▶ Exercise aim: Give again, exactly as written, each line of the material below starting at the line that contains "This range of" and ending at the line that contains "Gruszki położone obok". Both ends count, and no other line does.

▶ Data for processing:
####################

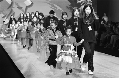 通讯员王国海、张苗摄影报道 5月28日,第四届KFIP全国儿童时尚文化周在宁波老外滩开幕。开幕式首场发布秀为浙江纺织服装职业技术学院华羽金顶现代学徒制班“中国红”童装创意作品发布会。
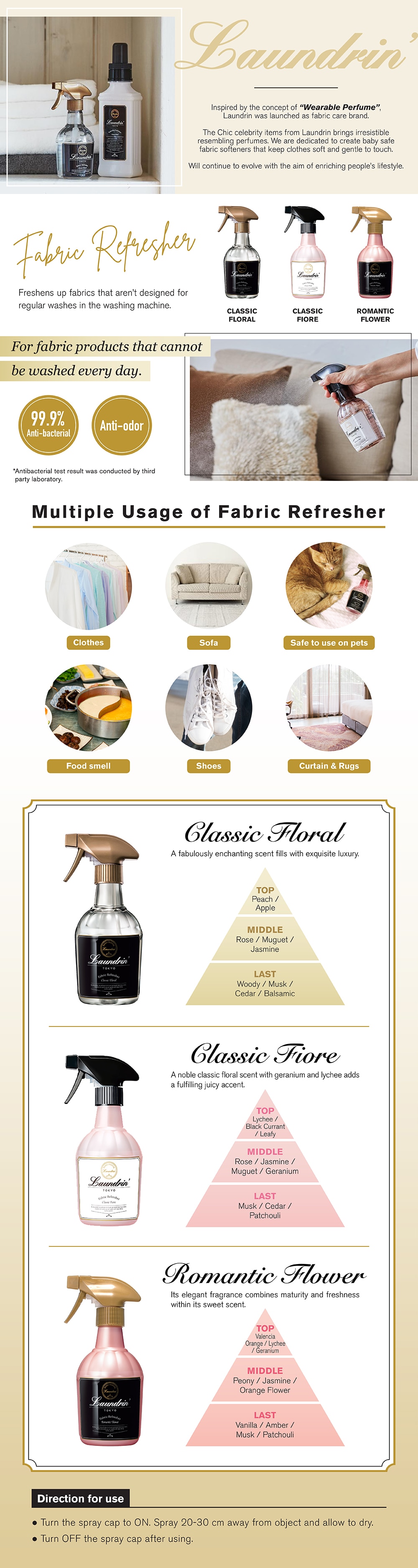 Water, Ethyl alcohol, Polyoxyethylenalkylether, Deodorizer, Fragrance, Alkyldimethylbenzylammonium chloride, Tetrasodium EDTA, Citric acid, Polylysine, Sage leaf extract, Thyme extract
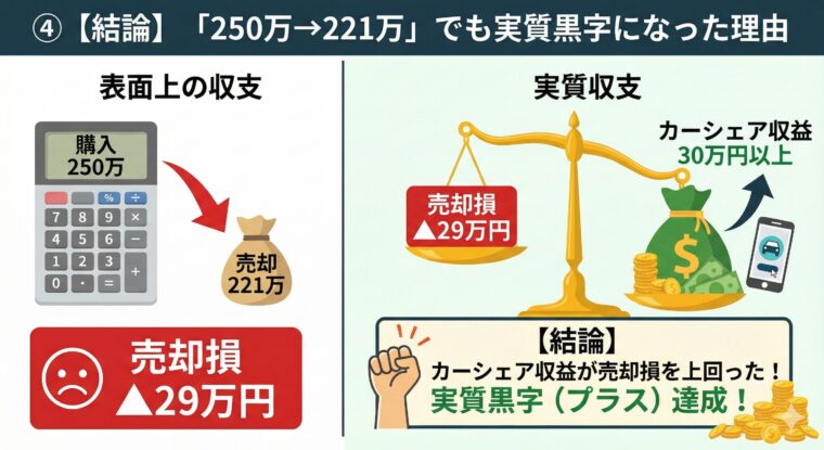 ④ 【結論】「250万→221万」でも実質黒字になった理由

####################

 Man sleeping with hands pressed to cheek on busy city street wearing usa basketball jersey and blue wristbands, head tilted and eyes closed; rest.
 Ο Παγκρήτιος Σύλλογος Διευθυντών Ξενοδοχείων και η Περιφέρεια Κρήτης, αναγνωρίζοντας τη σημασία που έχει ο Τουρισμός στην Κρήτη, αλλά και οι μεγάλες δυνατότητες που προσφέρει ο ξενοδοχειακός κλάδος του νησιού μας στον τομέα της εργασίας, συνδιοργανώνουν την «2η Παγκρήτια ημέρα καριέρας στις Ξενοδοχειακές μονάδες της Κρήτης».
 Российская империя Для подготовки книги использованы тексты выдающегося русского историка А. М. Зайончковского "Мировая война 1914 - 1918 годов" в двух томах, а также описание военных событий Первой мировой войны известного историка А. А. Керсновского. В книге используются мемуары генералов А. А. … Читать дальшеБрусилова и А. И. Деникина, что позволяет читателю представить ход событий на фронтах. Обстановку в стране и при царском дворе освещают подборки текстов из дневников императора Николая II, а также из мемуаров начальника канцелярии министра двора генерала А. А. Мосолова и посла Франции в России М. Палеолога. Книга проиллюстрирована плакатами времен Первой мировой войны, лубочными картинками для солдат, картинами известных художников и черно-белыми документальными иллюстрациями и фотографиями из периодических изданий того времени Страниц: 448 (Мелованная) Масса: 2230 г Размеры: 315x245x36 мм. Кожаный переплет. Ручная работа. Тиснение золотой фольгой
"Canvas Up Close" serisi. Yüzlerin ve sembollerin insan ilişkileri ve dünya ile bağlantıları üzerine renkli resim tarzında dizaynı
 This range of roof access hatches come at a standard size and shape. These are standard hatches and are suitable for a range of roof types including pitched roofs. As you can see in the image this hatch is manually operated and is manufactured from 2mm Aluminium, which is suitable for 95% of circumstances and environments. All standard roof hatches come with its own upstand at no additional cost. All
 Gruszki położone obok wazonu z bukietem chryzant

####################

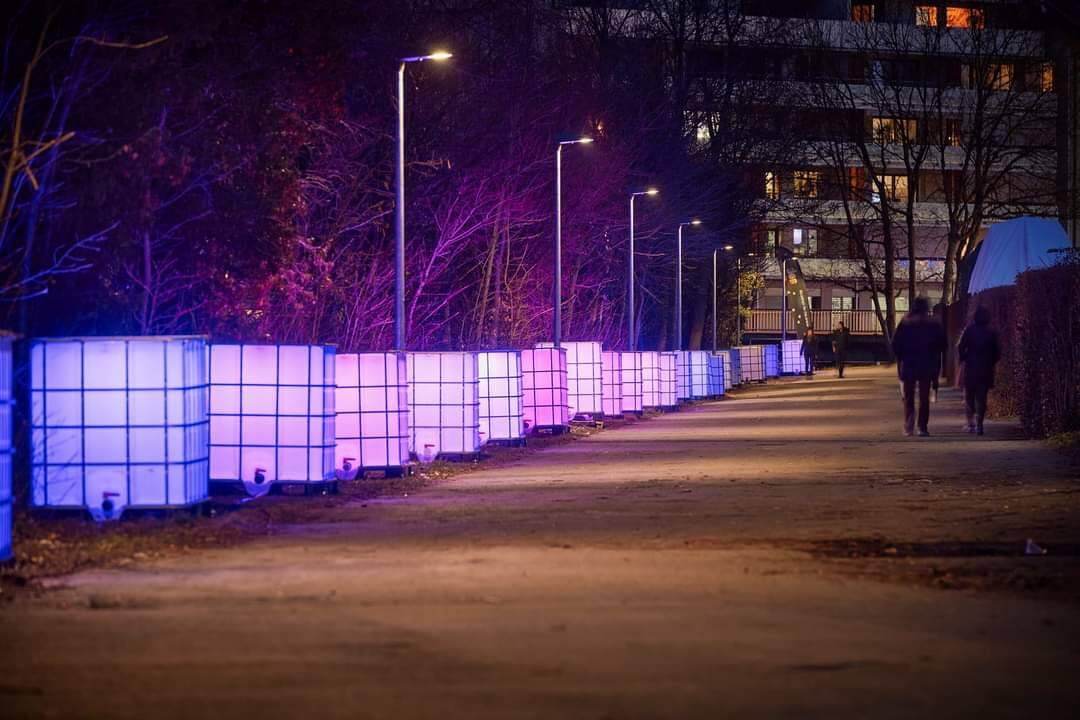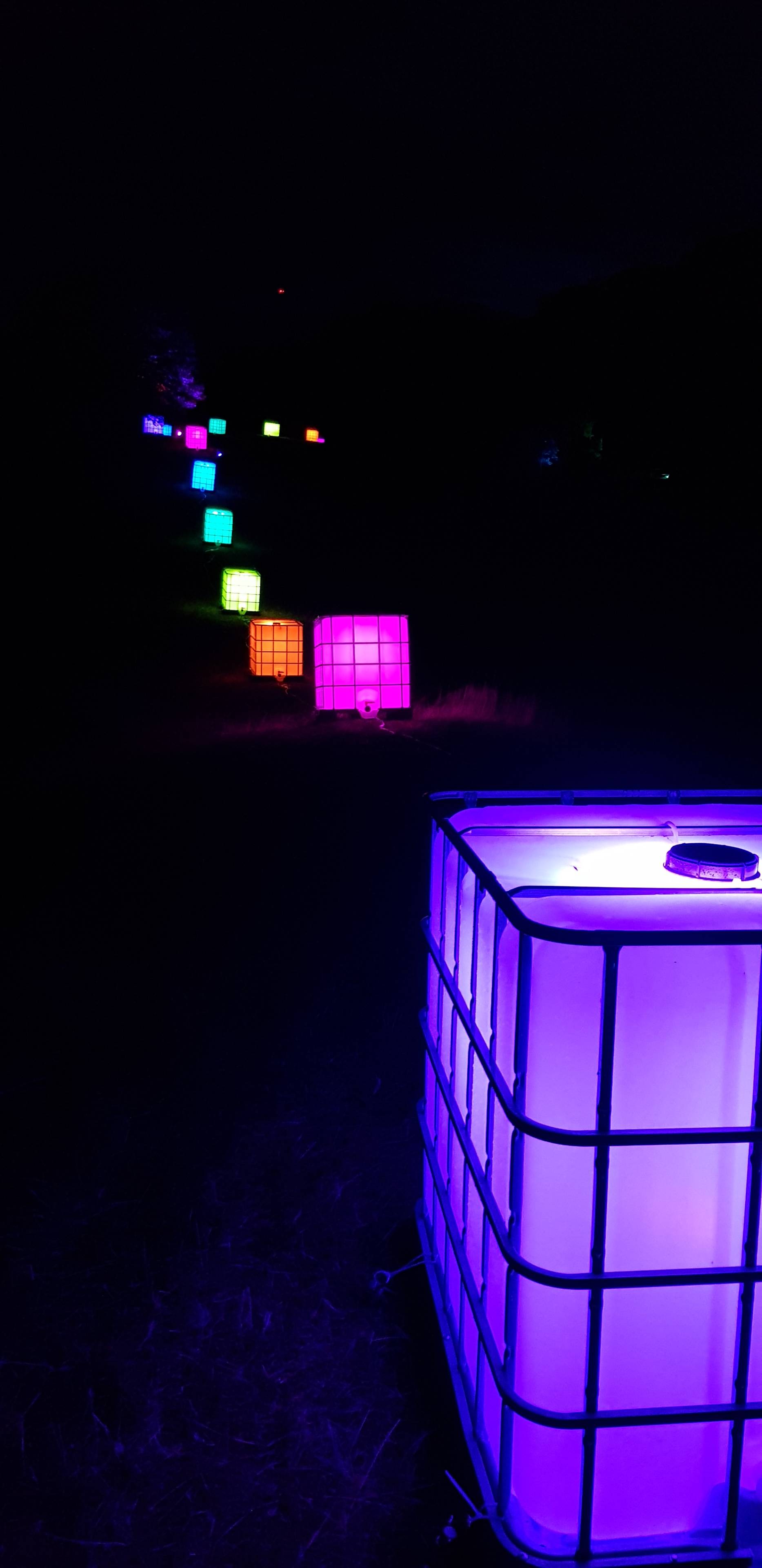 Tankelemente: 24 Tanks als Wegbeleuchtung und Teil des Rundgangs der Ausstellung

####################

▶ Solution for this problem:
 This range of roof access hatches come at a standard size and shape. These are standard hatches and are suitable for a range of roof types including pitched roofs. As you can see in the image this hatch is manually operated and is manufactured from 2mm Aluminium, which is suitable for 95% of circumstances and environments. All standard roof hatches come with its own upstand at no additional cost. All
 Gruszki położone obok wazonu z bukietem chryzant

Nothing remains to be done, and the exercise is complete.